Whistleblower protection

Create an anonymous platform for reporting corruption, integrated with a CRM system, similar to the Whistleblower Office in the US (risk #21).

  1. Provide legal protection for whistleblowers and educational campaigns.
  2. Deadline: 2025.
  3. Responsible: Department for the Prevention of Corruption.
  4. Indicator: Increase in the number of anonymous reports by 30% by the end of 2024.

Strengthening training

Introduce mandatory online courses on anti-corruption legislation for managers with annual testing (similar to the practice in Poland).

  1. Involve international experts for training, as in the UK (HMRC).
  2. Deadline: 2025-2027.
  3. Responsible: Department of Human Resources, Department for the Prevention of Corruption.
  4. Indicator: 95% of managers have been trained and received high scores by the end of 2027.

International experience

  • Poland:

Poland uses a “client manager” model for large taxpayers. Each manager coordinates reporting, advises and monitors compliance with tax obligations. The JPK_VAT system automatically analyzes tax invoices, reducing subjective influence. Communications are recorded and data is verified by the Central Anti-Corruption Bureau (CBA).

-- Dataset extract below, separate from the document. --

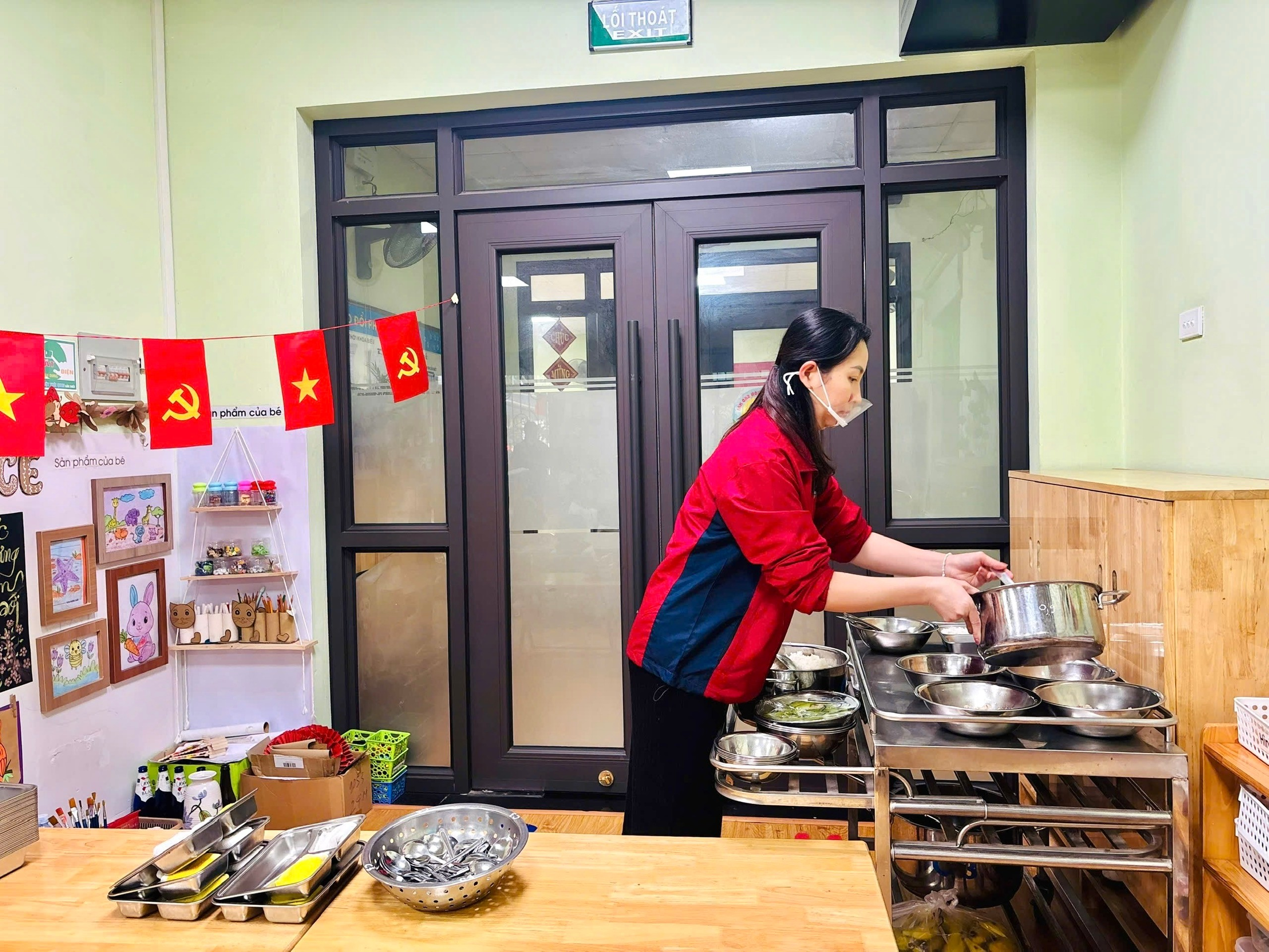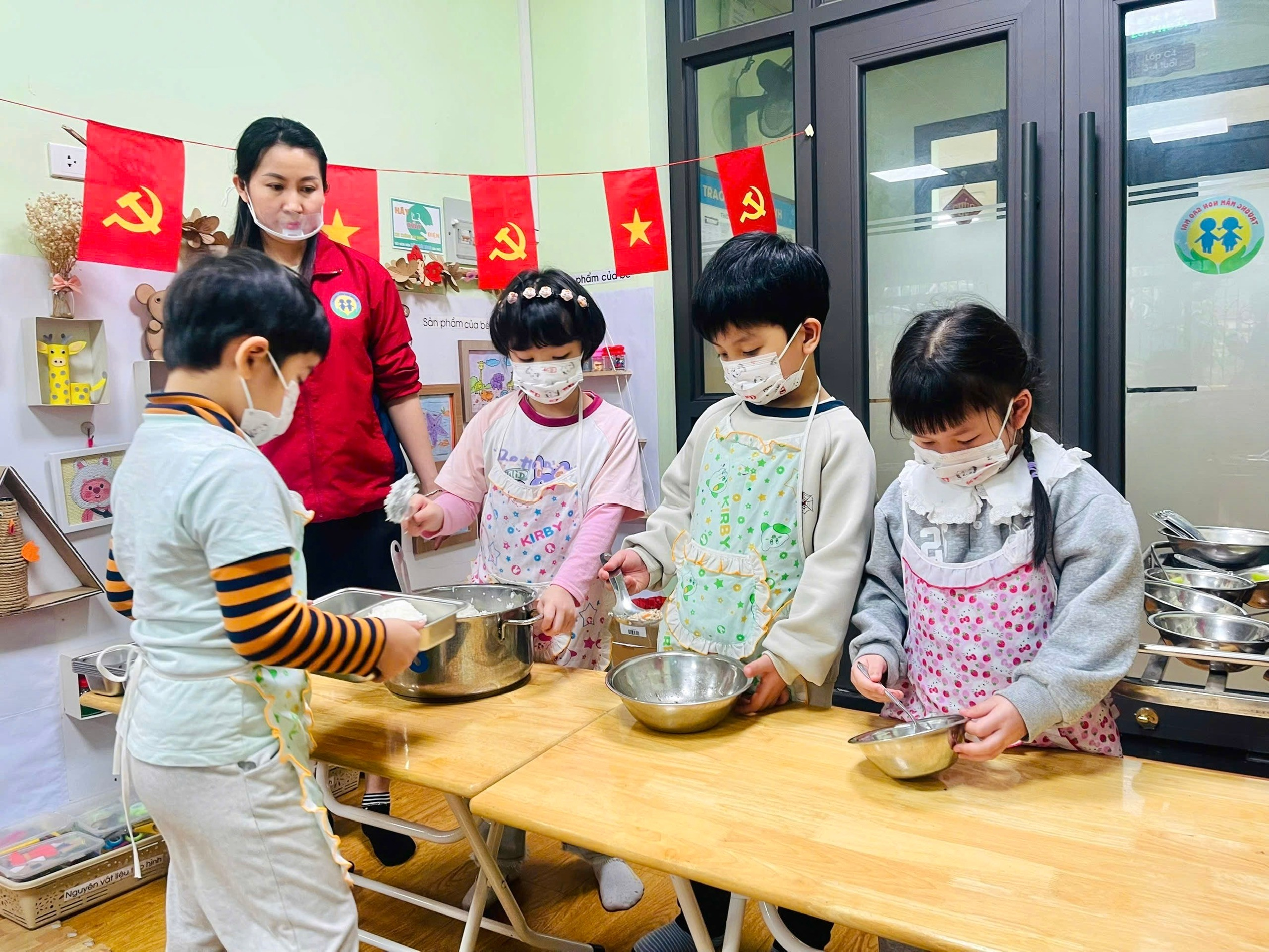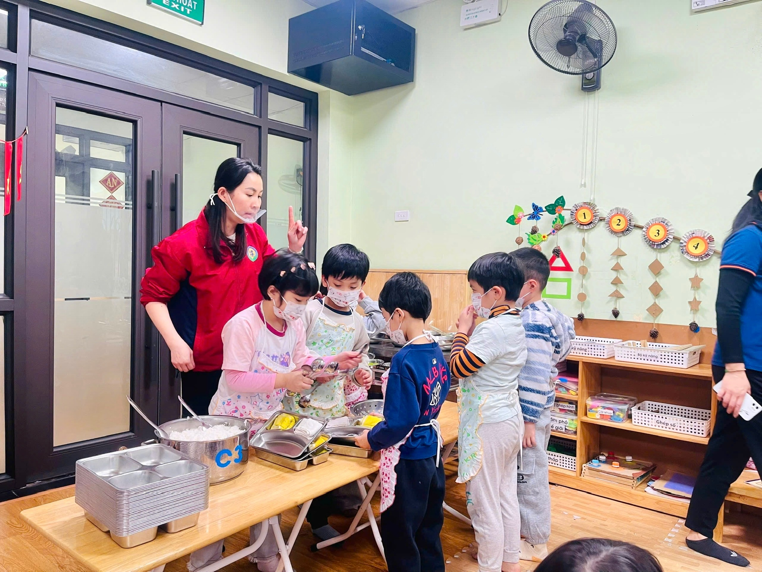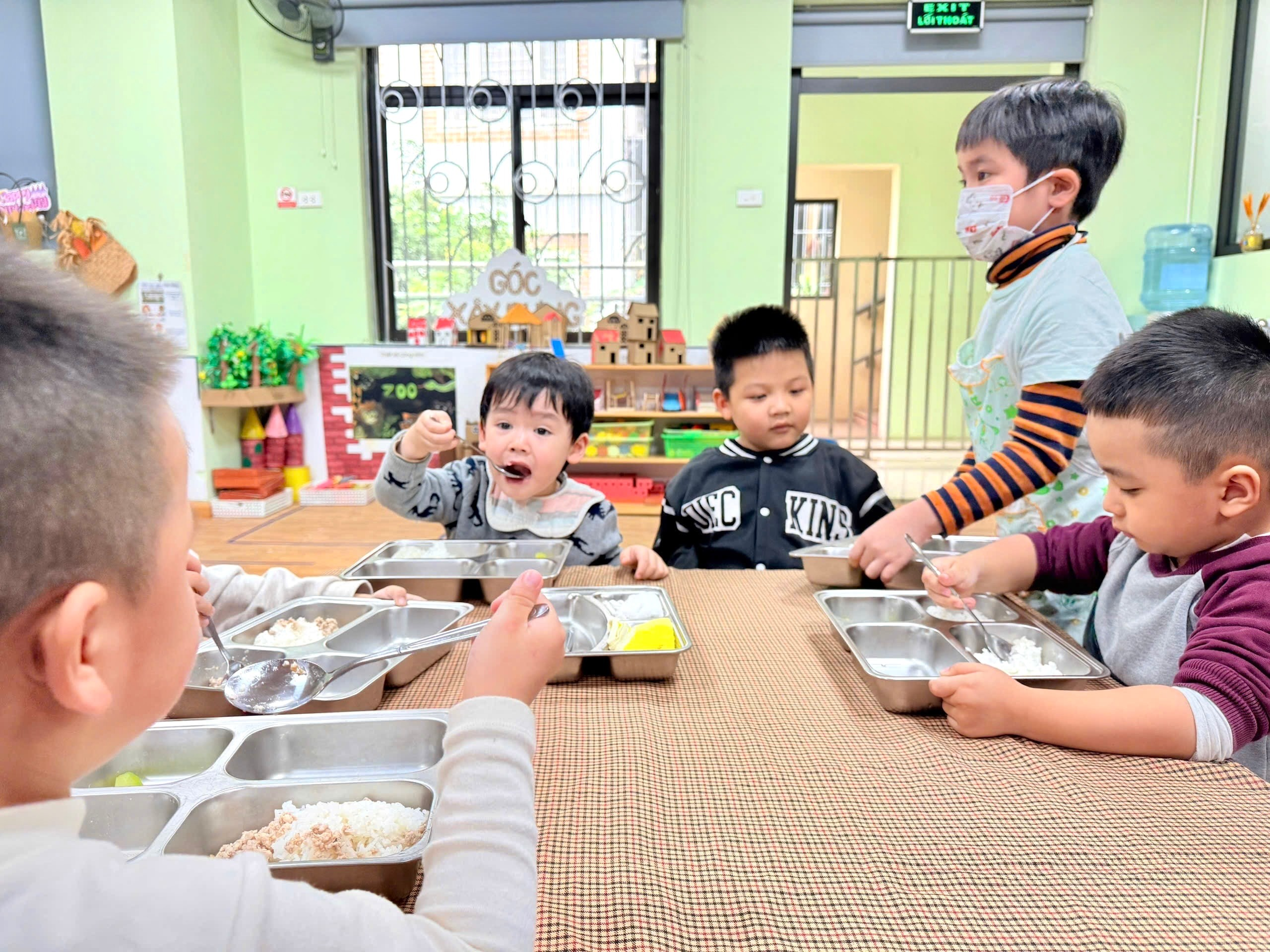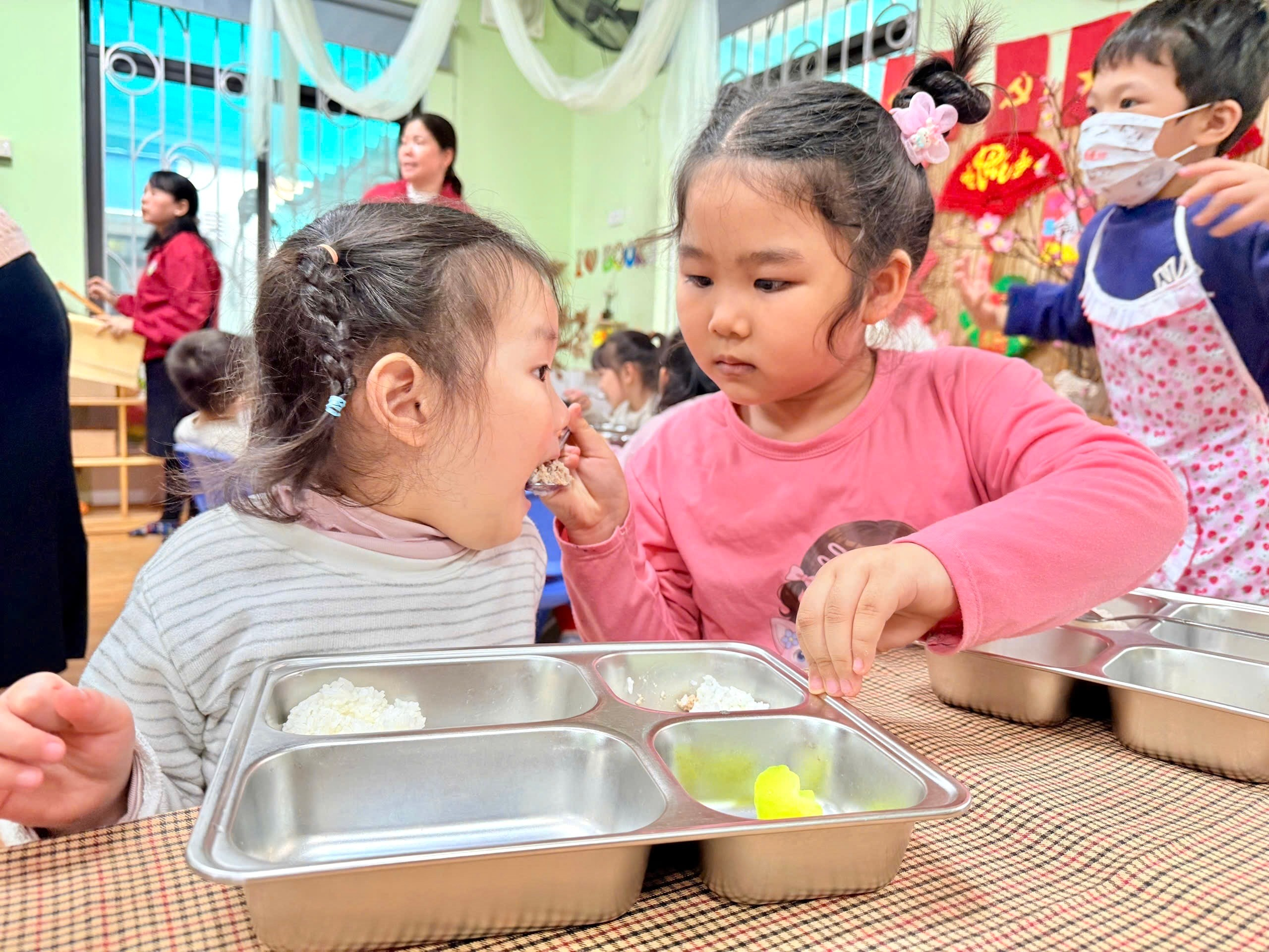 Trong suốt bữa ăn, các giáo viên luôn đồng hành, hỗ trợ trẻ một cách nhẹ nhàng. Các anh chị mẫu giáo lớn được khuyến khích tự chia thức ăn vào khay, cẩn thận bê khay về bàn ăn của mình. Không chỉ vậy, các con còn biết quan tâm, giúp đỡ những em nhỏ lớp A3, ân cần hỗ trợ để các em ăn ngon miệng, ăn hết suất. Hình ảnh các bạn lớn chăm sóc, nhường nhịn các em nhỏ đã tạo nên một bữa ăn chan chứa yêu thương và tinh thần đoàn kết.

Lesson: Automation and assigning managers to taxpayers increases transparency and trust.

  • USA (Internal Revenue Service, IRS):

The IRS uses a “taxpayer advocate” model to support taxpayers. Each advocate assists with reporting issues and coordinates audits. The DataMart system automatically identifies risks, and communications are monitored through a centralized platform. Employee salaries are partly based on KPIs, such as service quality and budget fulfillment.

Lesson: KPIs and automated communication monitoring reduce corruption risks.

  • United Kingdom (HM Revenue and Customs, HMRC):

HMRC uses the Making Tax Digital platform to automate reporting and reduce contact between taxpayers and officials. Each taxpayer has a “personal advisor” who coordinates reporting and provides advice. Quality control is ensured through external audits and public consultations.

Lesson: Digital platforms and public engagement increase transparency.

Expected results

The proposed changes to the Anti-Corruption Program of the State Tax Service, in particular the implementation of a CRM system and a tax manager model, will allow:

  1. Reduce discretionary powers through automation (risks #4, #6–8, #13–15).
  2. Strengthen control over conflicts of interest through recording communications and analyzing declarations (risks #1, #11, #17).
  3. Increase transparency of procurement and financial transactions (risks #18, #20).
  4. Protect whistleblowers through an anonymous platform (risk #21).
  5. Raise employee awareness through modern training methods.

These measures, adapted from the experience of Poland, the USA and the UK, will contribute to increasing trust in the State Tax Service, reducing corruption risks and effectively filling the budget. We call on the public to support these changes and participate in their implementation.